◆ YOUR OBJECTIVE ◆
Please reproduce exactly the line that contains "Low Ceiling Speaker Profile Challenges" and every line after it through the end of the records below, adding nothing else.

[Stored dataset items]
Content starts
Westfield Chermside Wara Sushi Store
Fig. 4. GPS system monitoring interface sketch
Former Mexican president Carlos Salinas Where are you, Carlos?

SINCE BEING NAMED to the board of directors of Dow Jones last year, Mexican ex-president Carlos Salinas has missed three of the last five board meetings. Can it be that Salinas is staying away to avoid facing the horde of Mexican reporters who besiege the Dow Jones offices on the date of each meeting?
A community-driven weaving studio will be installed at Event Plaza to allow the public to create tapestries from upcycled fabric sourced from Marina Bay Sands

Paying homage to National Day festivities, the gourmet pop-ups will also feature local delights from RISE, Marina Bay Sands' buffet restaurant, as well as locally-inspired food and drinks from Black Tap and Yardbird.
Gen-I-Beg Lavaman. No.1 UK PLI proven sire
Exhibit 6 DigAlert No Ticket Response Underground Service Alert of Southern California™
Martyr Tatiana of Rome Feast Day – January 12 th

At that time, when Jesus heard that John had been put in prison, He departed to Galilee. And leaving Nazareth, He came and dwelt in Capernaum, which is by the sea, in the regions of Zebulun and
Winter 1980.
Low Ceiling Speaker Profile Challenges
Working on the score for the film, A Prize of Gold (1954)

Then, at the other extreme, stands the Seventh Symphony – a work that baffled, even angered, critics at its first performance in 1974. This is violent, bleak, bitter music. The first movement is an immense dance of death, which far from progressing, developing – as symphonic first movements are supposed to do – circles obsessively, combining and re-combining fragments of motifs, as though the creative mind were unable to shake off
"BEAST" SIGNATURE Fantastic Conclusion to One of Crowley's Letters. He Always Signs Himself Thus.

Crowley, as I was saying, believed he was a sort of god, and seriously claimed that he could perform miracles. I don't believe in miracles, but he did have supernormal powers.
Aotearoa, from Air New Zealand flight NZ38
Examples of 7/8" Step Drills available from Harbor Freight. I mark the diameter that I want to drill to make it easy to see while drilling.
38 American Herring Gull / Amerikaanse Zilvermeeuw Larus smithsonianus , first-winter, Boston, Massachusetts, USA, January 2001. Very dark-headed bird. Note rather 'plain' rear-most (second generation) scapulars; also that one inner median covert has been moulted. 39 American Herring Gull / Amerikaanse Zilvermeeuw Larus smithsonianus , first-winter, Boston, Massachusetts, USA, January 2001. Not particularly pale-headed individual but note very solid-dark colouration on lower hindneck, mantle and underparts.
Content ends
◆ ANSWER AREA ◆
Low Ceiling Speaker Profile Challenges
Working on the score for the film, A Prize of Gold (1954)

Then, at the other extreme, stands the Seventh Symphony – a work that baffled, even angered, critics at its first performance in 1974. This is violent, bleak, bitter music. The first movement is an immense dance of death, which far from progressing, developing – as symphonic first movements are supposed to do – circles obsessively, combining and re-combining fragments of motifs, as though the creative mind were unable to shake off
"BEAST" SIGNATURE Fantastic Conclusion to One of Crowley's Letters. He Always Signs Himself Thus.

Crowley, as I was saying, believed he was a sort of god, and seriously claimed that he could perform miracles. I don't believe in miracles, but he did have supernormal powers.
Aotearoa, from Air New Zealand flight NZ38
Examples of 7/8" Step Drills available from Harbor Freight. I mark the diameter that I want to drill to make it easy to see while drilling.
38 American Herring Gull / Amerikaanse Zilvermeeuw Larus smithsonianus , first-winter, Boston, Massachusetts, USA, January 2001. Very dark-headed bird. Note rather 'plain' rear-most (second generation) scapulars; also that one inner median covert has been moulted. 39 American Herring Gull / Amerikaanse Zilvermeeuw Larus smithsonianus , first-winter, Boston, Massachusetts, USA, January 2001. Not particularly pale-headed individual but note very solid-dark colouration on lower hindneck, mantle and underparts.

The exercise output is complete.